§ Work instruction
Given the entries below, would you transcribe exactly the lines starting at the one with "Pantalones negros de" and ending at the one with "76%tohono o’odham kekel", both kept, pictures omitted, nothing extra?

§ Information provided

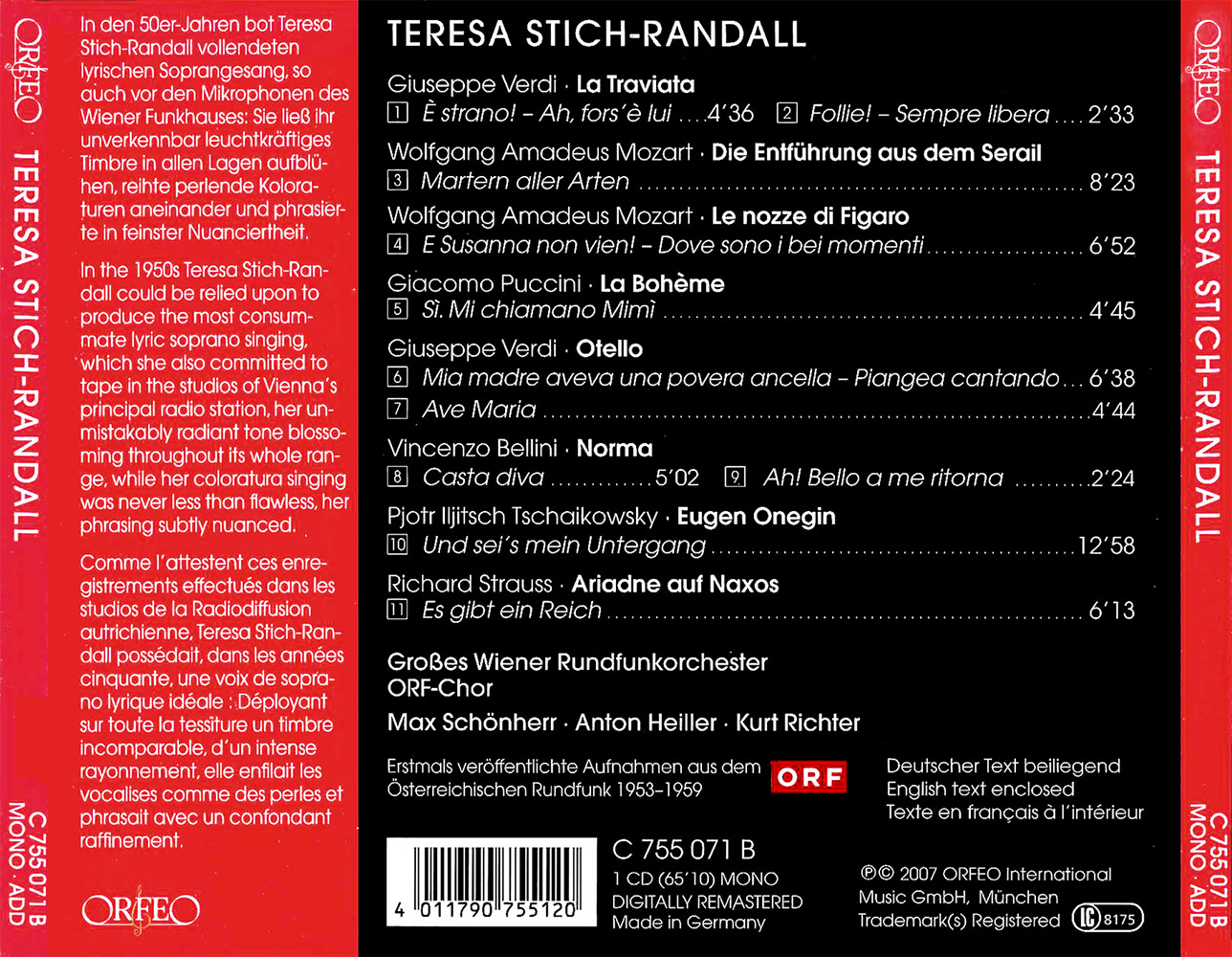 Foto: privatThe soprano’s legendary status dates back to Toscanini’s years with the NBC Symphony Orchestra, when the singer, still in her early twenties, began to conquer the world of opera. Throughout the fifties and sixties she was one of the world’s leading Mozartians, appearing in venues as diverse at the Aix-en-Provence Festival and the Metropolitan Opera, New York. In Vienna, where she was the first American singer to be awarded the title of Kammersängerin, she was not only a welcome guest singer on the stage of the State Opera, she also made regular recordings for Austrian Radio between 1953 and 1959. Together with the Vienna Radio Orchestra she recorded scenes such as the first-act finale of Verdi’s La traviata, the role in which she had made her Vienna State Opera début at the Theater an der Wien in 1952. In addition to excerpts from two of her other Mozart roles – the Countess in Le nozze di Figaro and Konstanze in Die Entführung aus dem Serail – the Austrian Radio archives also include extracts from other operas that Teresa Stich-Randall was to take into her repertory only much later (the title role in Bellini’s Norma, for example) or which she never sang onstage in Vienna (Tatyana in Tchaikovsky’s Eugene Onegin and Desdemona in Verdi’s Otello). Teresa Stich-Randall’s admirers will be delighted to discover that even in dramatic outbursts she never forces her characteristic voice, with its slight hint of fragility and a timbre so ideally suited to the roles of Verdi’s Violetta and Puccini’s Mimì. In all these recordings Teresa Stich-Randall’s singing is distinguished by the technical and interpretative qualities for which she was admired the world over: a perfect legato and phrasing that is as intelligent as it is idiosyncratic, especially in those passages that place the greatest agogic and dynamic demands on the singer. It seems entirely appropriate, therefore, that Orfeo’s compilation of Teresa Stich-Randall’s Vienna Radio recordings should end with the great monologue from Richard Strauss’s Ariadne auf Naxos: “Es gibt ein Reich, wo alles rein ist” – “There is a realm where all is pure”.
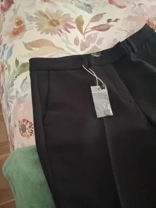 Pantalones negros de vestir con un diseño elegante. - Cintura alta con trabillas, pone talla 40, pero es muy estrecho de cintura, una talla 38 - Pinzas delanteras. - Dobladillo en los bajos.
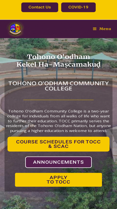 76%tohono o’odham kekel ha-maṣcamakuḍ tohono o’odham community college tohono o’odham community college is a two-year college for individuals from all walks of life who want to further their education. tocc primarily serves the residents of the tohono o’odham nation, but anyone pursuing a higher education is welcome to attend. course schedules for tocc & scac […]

...

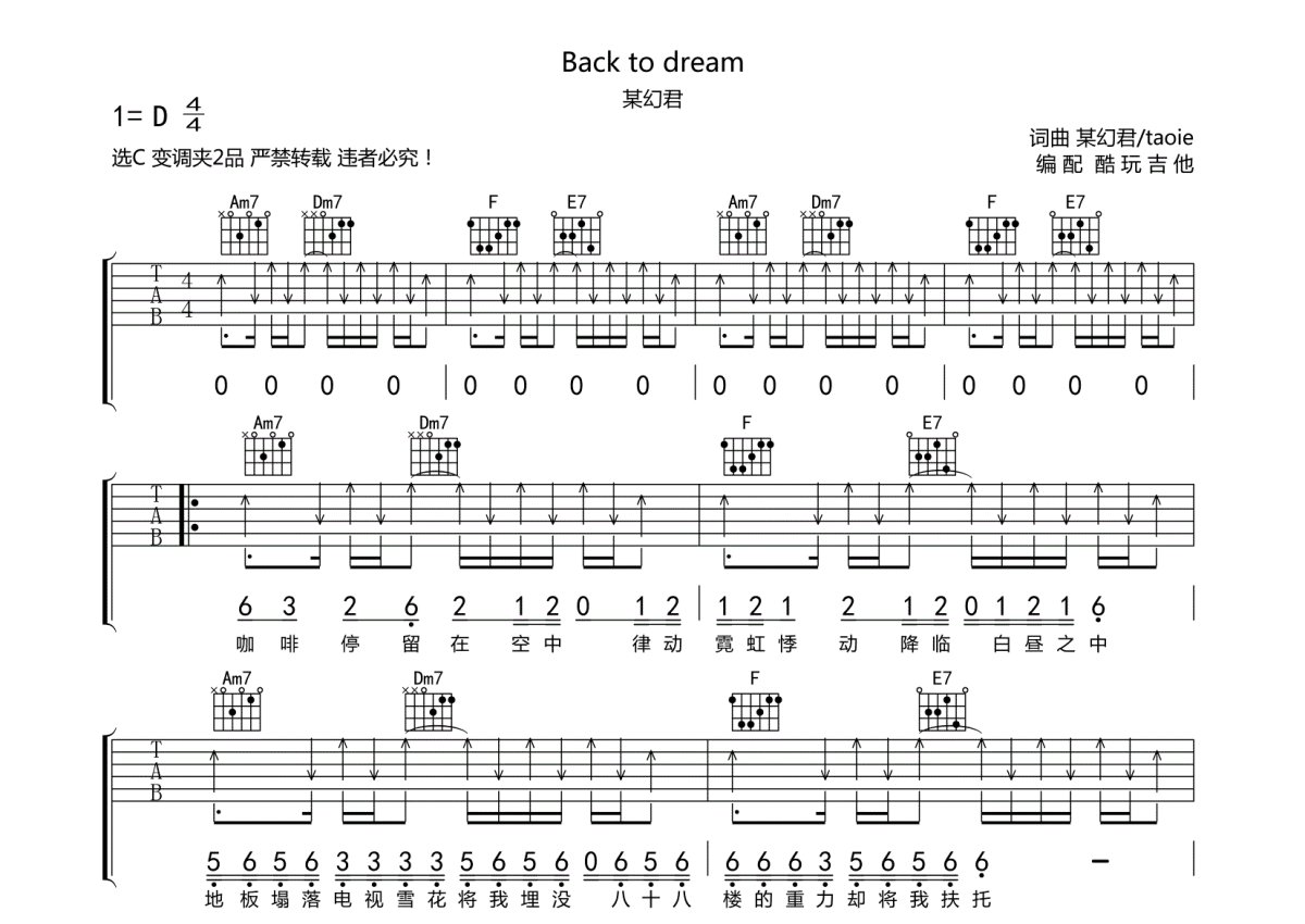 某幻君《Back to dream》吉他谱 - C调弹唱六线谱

§ Response below
 Pantalones negros de vestir con un diseño elegante. - Cintura alta con trabillas, pone talla 40, pero es muy estrecho de cintura, una talla 38 - Pinzas delanteras. - Dobladillo en los bajos.
 76%tohono o’odham kekel ha-maṣcamakuḍ tohono o’odham community college tohono o’odham community college is a two-year college for individuals from all walks of life who want to further their education. tocc primarily serves the residents of the tohono o’odham nation, but anyone pursuing a higher education is welcome to attend. course schedules for tocc & scac […]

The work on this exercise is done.